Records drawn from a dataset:
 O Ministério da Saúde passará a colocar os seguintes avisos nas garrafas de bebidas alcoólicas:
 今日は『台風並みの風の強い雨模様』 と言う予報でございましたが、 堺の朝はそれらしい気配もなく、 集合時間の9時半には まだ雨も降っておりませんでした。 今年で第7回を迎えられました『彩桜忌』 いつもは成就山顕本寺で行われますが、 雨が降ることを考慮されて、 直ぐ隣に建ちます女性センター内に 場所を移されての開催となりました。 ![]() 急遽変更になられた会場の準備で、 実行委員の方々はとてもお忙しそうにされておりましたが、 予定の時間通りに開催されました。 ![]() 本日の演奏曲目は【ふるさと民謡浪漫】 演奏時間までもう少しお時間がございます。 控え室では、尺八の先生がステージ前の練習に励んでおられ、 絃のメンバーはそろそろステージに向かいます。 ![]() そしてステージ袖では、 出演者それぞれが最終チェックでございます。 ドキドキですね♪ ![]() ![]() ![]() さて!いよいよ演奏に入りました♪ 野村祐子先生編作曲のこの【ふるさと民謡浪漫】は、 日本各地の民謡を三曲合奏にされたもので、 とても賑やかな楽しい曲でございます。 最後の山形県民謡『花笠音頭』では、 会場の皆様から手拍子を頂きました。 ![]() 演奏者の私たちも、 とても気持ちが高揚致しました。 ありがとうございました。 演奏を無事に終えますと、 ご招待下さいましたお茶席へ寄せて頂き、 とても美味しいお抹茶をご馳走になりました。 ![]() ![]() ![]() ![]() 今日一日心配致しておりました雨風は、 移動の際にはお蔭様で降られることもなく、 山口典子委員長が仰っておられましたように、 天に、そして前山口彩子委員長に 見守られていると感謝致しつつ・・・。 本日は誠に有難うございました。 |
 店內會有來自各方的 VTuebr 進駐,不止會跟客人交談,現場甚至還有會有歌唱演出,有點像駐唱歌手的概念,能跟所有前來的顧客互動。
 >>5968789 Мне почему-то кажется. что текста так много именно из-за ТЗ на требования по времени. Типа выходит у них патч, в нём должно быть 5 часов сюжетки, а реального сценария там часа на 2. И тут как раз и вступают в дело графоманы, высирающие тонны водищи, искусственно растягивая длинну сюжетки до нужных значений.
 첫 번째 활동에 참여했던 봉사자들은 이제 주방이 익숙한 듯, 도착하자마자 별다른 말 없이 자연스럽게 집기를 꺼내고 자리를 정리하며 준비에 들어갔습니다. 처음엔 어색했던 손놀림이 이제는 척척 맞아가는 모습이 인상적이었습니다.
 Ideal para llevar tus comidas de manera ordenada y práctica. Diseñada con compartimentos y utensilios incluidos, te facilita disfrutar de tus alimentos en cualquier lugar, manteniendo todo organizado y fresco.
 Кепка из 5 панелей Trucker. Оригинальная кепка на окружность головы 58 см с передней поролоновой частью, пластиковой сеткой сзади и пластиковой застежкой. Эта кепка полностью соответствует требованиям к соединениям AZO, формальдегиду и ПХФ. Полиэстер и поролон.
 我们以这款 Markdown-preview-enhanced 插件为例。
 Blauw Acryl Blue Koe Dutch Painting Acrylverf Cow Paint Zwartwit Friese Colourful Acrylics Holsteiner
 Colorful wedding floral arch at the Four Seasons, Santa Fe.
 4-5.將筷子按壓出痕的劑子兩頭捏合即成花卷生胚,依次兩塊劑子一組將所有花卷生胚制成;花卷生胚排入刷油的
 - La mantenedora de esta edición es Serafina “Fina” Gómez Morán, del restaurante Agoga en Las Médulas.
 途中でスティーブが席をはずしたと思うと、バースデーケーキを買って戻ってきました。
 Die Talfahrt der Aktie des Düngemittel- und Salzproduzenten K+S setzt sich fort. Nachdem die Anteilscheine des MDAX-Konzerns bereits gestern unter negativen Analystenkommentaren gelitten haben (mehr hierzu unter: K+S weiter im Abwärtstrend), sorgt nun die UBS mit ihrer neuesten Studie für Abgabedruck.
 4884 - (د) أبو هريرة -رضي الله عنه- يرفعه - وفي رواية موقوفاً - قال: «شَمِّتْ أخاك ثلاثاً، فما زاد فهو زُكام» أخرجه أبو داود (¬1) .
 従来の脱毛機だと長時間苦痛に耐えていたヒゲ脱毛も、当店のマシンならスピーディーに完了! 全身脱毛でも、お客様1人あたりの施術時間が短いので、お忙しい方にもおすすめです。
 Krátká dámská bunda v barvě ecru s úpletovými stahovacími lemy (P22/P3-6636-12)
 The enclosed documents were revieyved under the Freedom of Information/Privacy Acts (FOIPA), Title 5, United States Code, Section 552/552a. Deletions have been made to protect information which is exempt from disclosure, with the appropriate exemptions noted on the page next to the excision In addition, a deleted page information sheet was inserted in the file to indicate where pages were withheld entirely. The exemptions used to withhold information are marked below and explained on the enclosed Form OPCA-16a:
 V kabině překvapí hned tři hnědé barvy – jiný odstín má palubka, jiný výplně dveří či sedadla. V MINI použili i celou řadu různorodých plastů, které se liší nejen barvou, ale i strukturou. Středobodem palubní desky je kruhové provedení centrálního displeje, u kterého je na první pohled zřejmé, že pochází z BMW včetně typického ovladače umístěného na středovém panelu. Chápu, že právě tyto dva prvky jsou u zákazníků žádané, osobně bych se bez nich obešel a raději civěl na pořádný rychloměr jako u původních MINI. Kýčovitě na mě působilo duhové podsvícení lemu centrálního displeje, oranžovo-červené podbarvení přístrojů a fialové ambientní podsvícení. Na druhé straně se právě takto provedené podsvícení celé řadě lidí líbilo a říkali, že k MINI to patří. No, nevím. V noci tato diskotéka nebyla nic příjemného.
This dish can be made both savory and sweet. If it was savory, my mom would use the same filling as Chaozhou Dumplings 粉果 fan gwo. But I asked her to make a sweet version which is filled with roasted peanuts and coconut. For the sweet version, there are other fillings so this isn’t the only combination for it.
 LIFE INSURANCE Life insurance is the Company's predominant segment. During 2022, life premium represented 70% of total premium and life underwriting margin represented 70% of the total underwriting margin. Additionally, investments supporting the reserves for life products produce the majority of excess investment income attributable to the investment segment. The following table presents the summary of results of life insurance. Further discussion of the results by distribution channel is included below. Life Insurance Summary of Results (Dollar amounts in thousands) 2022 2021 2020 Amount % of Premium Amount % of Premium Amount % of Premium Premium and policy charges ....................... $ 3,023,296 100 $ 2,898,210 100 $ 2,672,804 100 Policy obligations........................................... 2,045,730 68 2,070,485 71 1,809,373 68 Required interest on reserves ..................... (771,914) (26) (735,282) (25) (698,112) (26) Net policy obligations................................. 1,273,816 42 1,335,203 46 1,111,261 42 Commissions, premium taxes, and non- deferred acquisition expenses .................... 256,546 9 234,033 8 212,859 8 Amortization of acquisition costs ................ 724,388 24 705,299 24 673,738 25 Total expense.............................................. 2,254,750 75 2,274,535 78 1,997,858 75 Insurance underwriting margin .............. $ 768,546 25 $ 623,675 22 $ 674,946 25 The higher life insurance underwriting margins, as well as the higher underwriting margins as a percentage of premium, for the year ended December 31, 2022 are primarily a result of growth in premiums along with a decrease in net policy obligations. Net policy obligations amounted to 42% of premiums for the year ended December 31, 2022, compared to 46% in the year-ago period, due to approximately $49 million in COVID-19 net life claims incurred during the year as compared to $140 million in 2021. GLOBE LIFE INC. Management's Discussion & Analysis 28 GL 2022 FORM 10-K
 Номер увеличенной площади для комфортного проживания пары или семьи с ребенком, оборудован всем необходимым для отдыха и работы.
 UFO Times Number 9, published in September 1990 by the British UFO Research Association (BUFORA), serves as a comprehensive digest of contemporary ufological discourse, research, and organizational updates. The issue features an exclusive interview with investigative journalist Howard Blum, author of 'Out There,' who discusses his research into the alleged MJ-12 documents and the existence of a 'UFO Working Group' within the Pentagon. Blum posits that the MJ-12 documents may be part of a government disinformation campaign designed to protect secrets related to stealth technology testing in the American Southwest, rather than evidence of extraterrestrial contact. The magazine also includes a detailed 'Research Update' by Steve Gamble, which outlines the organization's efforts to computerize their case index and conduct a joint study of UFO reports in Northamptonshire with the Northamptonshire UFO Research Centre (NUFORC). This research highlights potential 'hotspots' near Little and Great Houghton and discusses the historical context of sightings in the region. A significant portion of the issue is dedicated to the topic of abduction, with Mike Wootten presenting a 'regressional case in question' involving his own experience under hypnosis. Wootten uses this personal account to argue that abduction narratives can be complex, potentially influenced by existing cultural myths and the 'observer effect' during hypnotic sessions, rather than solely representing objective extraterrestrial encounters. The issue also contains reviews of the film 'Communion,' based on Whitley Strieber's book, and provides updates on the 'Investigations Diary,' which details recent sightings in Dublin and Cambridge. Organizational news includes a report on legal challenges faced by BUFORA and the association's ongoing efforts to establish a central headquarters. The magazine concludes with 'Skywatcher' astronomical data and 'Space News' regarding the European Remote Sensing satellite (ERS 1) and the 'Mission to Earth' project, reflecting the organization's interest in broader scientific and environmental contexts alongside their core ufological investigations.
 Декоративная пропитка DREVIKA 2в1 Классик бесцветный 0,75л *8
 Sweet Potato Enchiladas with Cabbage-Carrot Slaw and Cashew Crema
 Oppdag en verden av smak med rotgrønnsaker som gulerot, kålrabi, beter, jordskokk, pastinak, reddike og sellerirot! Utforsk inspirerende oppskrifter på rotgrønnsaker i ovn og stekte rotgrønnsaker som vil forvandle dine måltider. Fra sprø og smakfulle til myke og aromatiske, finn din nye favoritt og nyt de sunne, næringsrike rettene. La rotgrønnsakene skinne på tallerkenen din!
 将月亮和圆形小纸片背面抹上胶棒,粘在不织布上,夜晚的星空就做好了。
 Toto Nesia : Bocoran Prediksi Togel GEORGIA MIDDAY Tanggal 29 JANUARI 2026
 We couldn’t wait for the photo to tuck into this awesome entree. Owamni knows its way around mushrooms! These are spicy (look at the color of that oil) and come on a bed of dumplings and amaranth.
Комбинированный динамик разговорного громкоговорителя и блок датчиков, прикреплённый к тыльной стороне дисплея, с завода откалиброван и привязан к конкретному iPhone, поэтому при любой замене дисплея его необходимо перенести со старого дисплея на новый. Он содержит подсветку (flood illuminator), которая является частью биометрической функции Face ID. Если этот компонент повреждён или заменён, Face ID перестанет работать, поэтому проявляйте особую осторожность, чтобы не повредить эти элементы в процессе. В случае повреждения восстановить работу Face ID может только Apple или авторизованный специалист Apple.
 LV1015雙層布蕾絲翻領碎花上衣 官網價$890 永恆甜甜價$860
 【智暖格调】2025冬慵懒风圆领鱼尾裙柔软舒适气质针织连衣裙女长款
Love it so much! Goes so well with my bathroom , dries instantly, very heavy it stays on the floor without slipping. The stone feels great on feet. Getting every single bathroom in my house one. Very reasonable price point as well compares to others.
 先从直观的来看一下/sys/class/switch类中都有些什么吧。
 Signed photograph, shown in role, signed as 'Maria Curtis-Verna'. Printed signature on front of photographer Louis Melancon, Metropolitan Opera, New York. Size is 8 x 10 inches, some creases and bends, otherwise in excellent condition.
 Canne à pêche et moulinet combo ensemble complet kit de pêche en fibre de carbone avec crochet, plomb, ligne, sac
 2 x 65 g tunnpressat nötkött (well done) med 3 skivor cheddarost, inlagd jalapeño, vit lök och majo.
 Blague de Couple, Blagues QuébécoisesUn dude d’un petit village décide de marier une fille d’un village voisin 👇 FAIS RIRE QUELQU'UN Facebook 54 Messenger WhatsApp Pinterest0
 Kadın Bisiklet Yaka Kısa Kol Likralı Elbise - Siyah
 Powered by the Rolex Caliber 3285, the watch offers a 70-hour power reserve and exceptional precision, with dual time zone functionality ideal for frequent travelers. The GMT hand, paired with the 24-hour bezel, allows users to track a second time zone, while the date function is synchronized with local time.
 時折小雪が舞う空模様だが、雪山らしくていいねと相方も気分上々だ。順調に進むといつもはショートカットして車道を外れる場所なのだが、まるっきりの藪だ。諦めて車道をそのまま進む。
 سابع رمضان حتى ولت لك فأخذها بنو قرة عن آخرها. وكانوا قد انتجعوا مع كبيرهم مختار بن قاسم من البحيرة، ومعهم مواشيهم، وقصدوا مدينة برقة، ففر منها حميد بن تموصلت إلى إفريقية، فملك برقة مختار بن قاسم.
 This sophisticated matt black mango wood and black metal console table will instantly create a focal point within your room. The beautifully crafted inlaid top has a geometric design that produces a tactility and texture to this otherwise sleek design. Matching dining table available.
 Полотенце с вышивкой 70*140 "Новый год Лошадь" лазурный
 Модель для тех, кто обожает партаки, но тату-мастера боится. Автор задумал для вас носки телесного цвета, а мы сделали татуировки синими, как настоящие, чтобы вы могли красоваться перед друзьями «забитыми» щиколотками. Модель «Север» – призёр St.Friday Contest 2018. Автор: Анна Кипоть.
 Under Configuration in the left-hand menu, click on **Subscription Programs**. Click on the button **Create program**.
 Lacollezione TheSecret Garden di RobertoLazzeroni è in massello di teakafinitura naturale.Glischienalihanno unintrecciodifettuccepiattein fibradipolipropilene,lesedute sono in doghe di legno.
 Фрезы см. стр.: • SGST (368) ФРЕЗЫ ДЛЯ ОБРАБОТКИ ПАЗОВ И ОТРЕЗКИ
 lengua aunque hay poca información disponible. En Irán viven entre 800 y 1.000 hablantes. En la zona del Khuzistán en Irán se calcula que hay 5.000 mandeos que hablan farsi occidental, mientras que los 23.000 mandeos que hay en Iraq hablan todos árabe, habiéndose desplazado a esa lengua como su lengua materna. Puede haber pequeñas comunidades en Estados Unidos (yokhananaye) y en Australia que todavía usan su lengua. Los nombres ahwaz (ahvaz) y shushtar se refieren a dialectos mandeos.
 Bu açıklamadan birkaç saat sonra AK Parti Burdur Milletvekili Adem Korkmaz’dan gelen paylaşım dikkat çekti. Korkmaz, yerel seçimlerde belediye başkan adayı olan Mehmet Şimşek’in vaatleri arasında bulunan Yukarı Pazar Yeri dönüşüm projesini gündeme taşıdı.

§ **Problem description**
Using the data above, reproduce exactly the lines between those holding "до нужных значений." and "Blauw Acryl Blue", inclusive, and no others.

§ **Output of the exercise**
 >>5968789 Мне почему-то кажется. что текста так много именно из-за ТЗ на требования по времени. Типа выходит у них патч, в нём должно быть 5 часов сюжетки, а реального сценария там часа на 2. И тут как раз и вступают в дело графоманы, высирающие тонны водищи, искусственно растягивая длинну сюжетки до нужных значений.
 첫 번째 활동에 참여했던 봉사자들은 이제 주방이 익숙한 듯, 도착하자마자 별다른 말 없이 자연스럽게 집기를 꺼내고 자리를 정리하며 준비에 들어갔습니다. 처음엔 어색했던 손놀림이 이제는 척척 맞아가는 모습이 인상적이었습니다.
 Ideal para llevar tus comidas de manera ordenada y práctica. Diseñada con compartimentos y utensilios incluidos, te facilita disfrutar de tus alimentos en cualquier lugar, manteniendo todo organizado y fresco.
 Кепка из 5 панелей Trucker. Оригинальная кепка на окружность головы 58 см с передней поролоновой частью, пластиковой сеткой сзади и пластиковой застежкой. Эта кепка полностью соответствует требованиям к соединениям AZO, формальдегиду и ПХФ. Полиэстер и поролон.
 我们以这款 Markdown-preview-enhanced 插件为例。
 Blauw Acryl Blue Koe Dutch Painting Acrylverf Cow Paint Zwartwit Friese Colourful Acrylics Holsteiner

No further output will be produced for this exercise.